> About this task: Please reproduce, exactly as given, the lines running from the start of the data to the line containing "クリヤーブック替紙(サイドスロー) A4縦 30穴 台紙色黄 10枚入 ラ-70NY", inclusive, and omit the pictures.

--- START ---

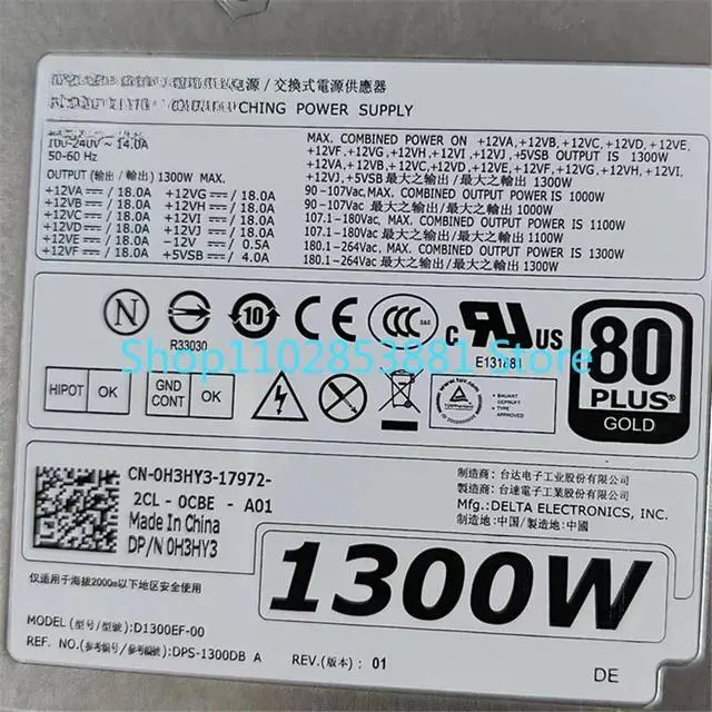 1pcs for T7610 T7600 Workstation Power Supply 0H3HY3 D1300EF-00 DPS-1300DB A
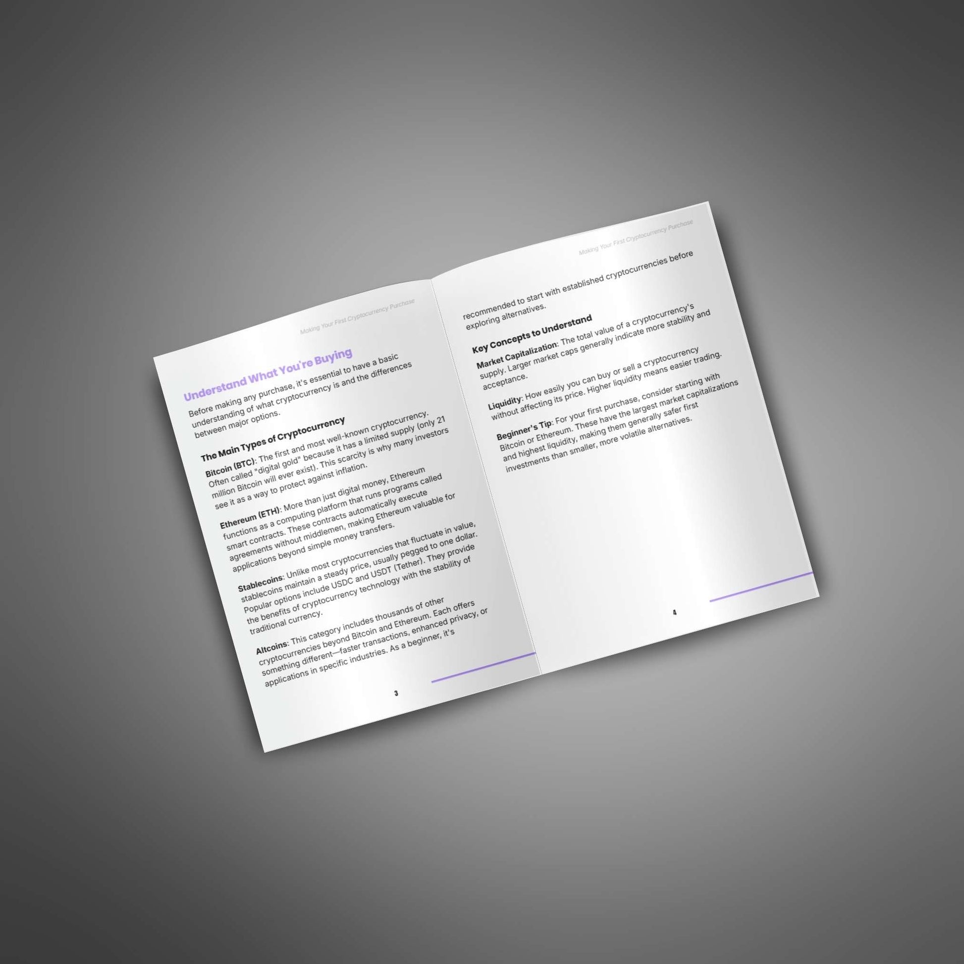 Guide designed to help your customers make their first cryptocurrency purchase with clear steps for buying safely and protecting their digital assets.
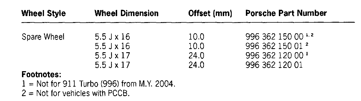 Rubber valves, not for 18-inch Turbo I wheels, Part Number - 900 265 001 50 and 000 044 600 00. Steel valves, for 18-inch Turbo I and SportTechno wheels, Part Number - 993 361 073 00. Always observe any possible instructions concerning the rolling direction and/or specifying which side the tires must be mounted on.
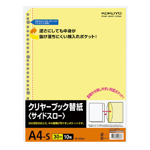 クリヤーブック替紙(サイドスロー) A4縦 30穴 台紙色黄 10枚入 ラ-70NY
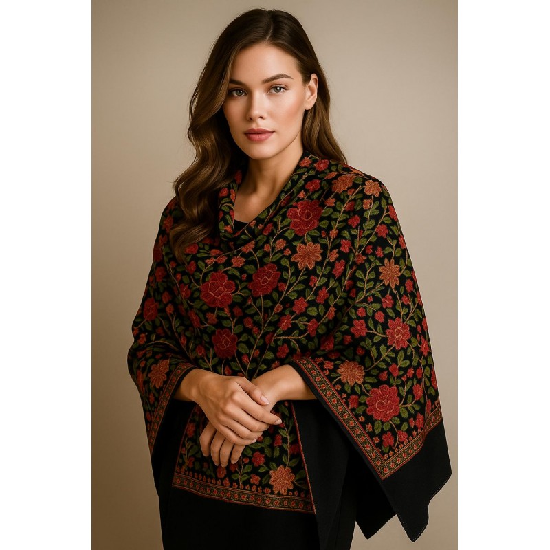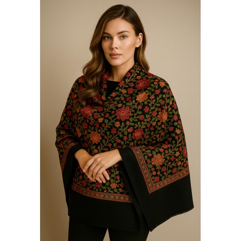 Make a refined statement with this black shawl featuring an all-over rose vine floral pattern in rich red, gold, and green tones. The tapestry-like design is finished with a coordinating border trim, giving it a polished, heritage-inspired look. Drapes beautifully over the shoulders for comfortable coverage and effortless layering.
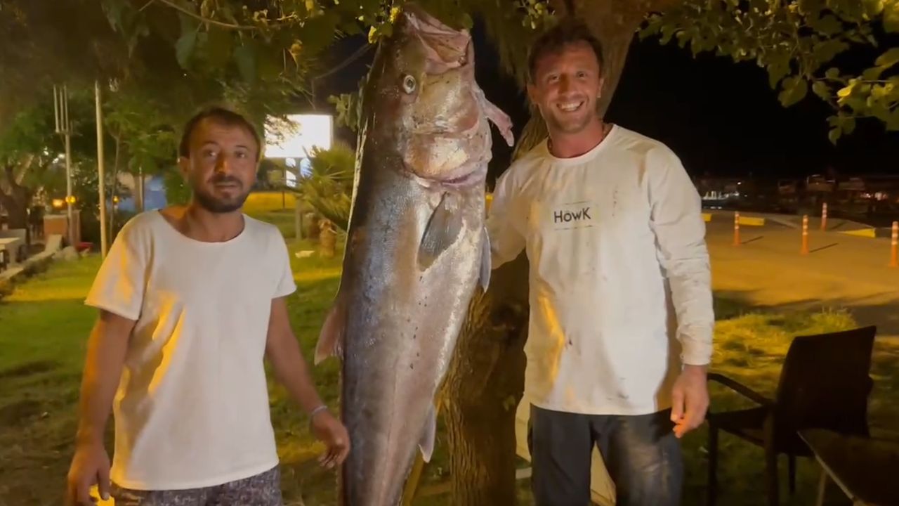 Teknede balığı kucağına alan Tolga Saç, "Adrasan'da kuzu avına çıktık. Normalde 15- 20 kiloya razı olacaktık. Allah bunu nasip etti. Çok mutluyuz" dedi. Tolga Saç, yakaladıkları balıkla Türkiye rekoru kırdıklarını da söyledi.
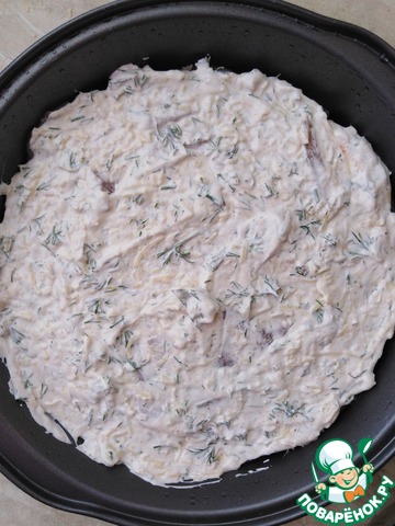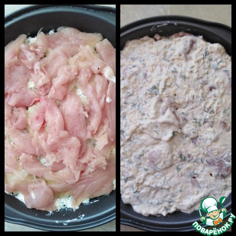 Смазать форму растительным маслом и выложить одним слоем куриную грудку. Диаметр формы 24см. Посолить и поперчить мясо частью специй.
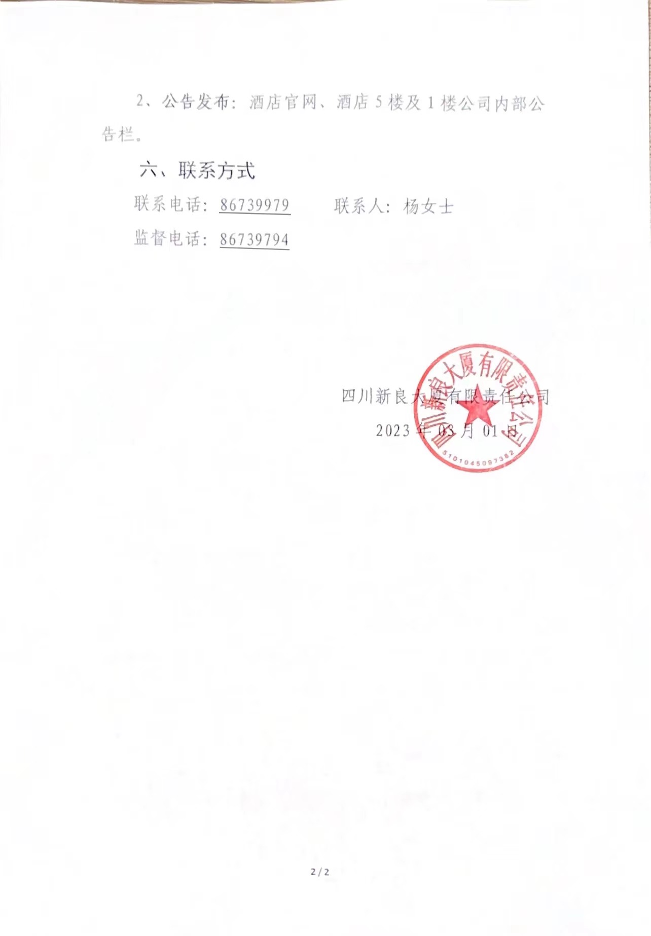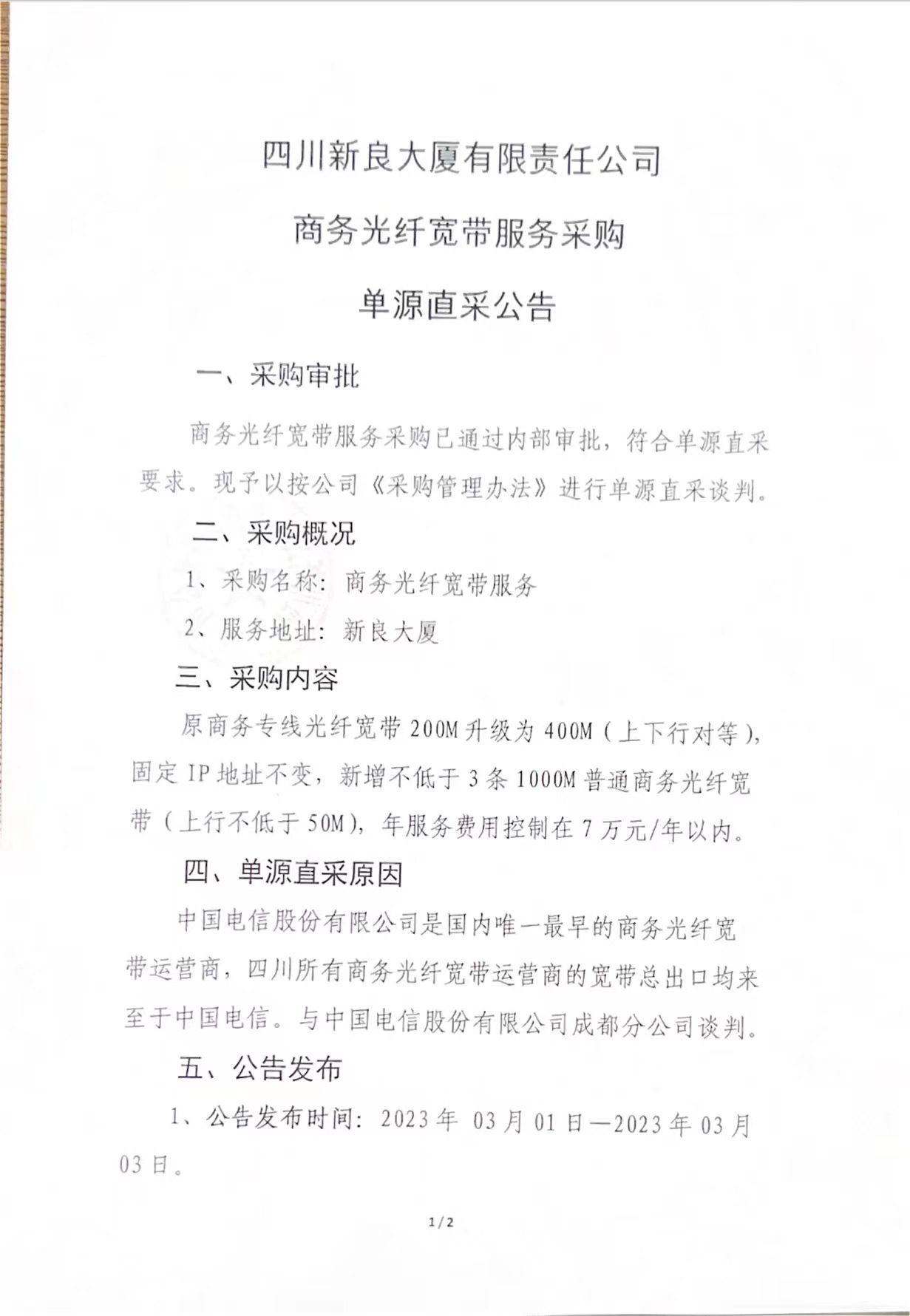 四川新良大厦有限责任公司商务光纤宽带服务采购单源直采公告
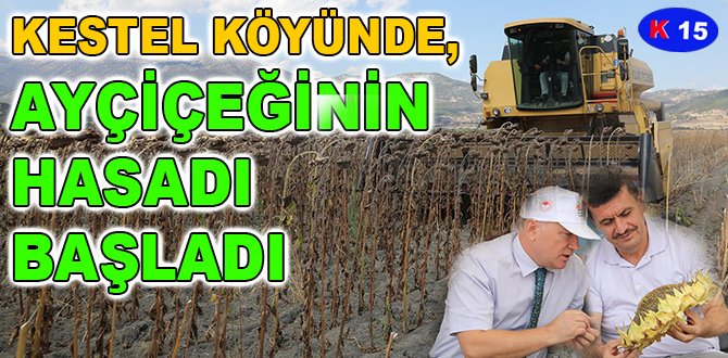 KESTEL KÖYÜNDE, TAKEP KAPSAMINDA EKİMİ YAPILAN AYÇİÇEĞİ HASADI BAŞLADI

--- END ---

> Answer to this exercise:
 1pcs for T7610 T7600 Workstation Power Supply 0H3HY3 D1300EF-00 DPS-1300DB A
 Guide designed to help your customers make their first cryptocurrency purchase with clear steps for buying safely and protecting their digital assets.
 Rubber valves, not for 18-inch Turbo I wheels, Part Number - 900 265 001 50 and 000 044 600 00. Steel valves, for 18-inch Turbo I and SportTechno wheels, Part Number - 993 361 073 00. Always observe any possible instructions concerning the rolling direction and/or specifying which side the tires must be mounted on.
 クリヤーブック替紙(サイドスロー) A4縦 30穴 台紙色黄 10枚入 ラ-70NY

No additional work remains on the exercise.